Доминик сходил за братом и говорит:
– Вот, Виктор, заруби себе на носу – это будет твой товарищ в Нью-Йорке.
Он обнял нас обоих и крепко стиснул. Мы с Виктором рассмеялись, потому что и без того были всегда хорошими товарищами.
– Детки, – сказал Доминик, – будь мы во Фриско, я бы с вами не стал и водиться. А теперь вот правительство от вас требует, чтобы вы выиграли войну.
Оттолкнул нас и пошел. Взял еще бутылку пива и выпил. Потом возвратился, погрозил Виктору пальцем и закричал:
– Эй, ты! Будь осторожен! Следи за собой. Не трусь. Пиши маме. Молись. Ходи на исповедь. Понял?
– Ладно, Доминик, перестань, – сказал Виктор.
– Слушай меня, – продолжал Доминик. – Будь хорошим мальчиком. У тебя слишком смазливая рожица для такого большого города, как Нью-Йорк. Будь осторожен. Не отходи от товарища. Ну, Весли, теперь мы не скоро увидимся. Води дружбу с братом в Нью-Йорке. Сообщи, если что случится.

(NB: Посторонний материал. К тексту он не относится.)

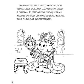 Clássicos Ilustrados para Colorir da Turma da Mônica é uma coleção pensada para unir leitura e atividade criativa no cotidiano das crianças. Com texto em letra bastão e páginas em papel apropriado para colorir e pintar, os livros incentivam o contato com contos clássicos enquanto desenvolvem a coordenação motora e a atenção. Nesta edição, a Turma da Mônica reconta o clássico A Roupa Nova do Rei. Cebolinha interpreta um rei muito vaidoso que manda confeccionar uma roupa feita com um tecido especial, invisível para aqueles que não fossem inteligentes. Encantado com a promessa dos costureiros, ele acredita estar usando o traje mais extraordinário do reino, até que uma revelação inesperada muda completamente o rumo da história. Indicado para leitura compartilhada ou atividades individuais, o livro permite que a criança leia, pinte e explore a história no próprio ritmo, combinando narrativa clássica e expressão artística.

Он обратился опять к Виктору.
– Ладно, – сказал он. – Прощай, детка. Только прежде спой песню.
– Какую?
– Ты знаешь. Спой своему брату еще раз напоследок.

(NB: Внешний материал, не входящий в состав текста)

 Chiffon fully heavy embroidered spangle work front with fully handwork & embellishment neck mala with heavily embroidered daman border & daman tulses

И Виктор запел «Все зовут меня “красавчик”».
Доминик слушал, и слезы выступили у него на глазах.
– Мама зовет тебя так, – сказал он.
Он совсем расстроился, безнадежно махнул рукой и принялся опять за пиво.
А тут к нам подошел Какалокович послушать.

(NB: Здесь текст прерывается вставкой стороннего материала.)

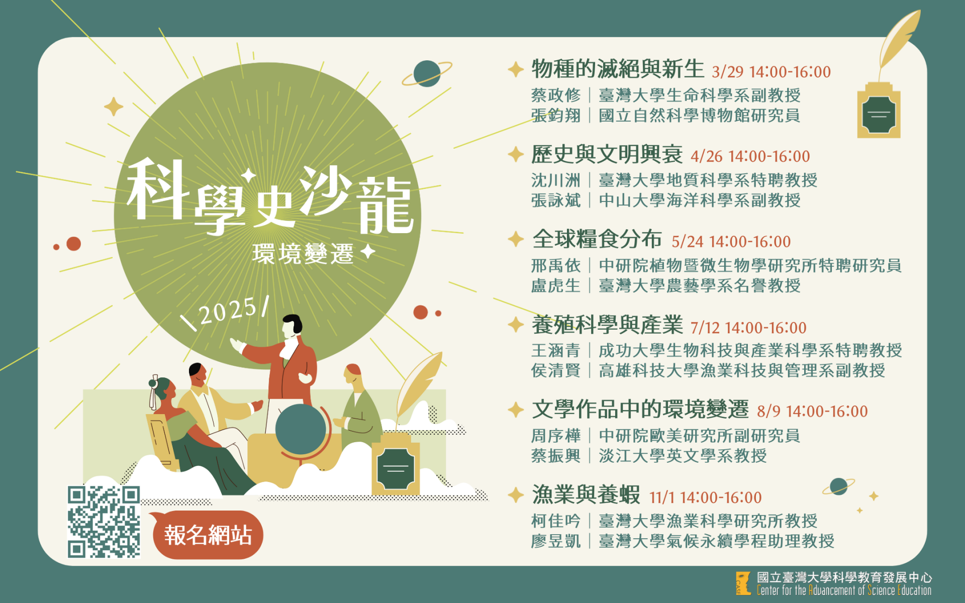 四、該系列講座於該校思亮館國際會議廳辦理,活動免費參加。每場可申請 2 小時研習時數證明,依國立臺灣大學科教中心規定辦理。參與講座請事先報名(各場次陸續開放): https://www.accupass.com/organizer/detail/1911260714385254030800 。

– Почему ты не поешь вместе с ним? – сказал он мне. – Это хорошая песня, пой. Или ты не умеешь?
Я был немного навеселе и стал подпевать Виктору. Какалокович с помощью Доминика собрал вокруг нас кучку ребят, и скоро песню подхватила почти вся рота «Б». Но сколько бы народу ни пело, все равно это была песня Виктора, и он пел ее и на этот раз лучше всех. Песня эта была как раз по нему, и он пел ее всегда одинаково – искренне и серьезно, а остальные просто забавлялись, подшучивая и над песней и над собой.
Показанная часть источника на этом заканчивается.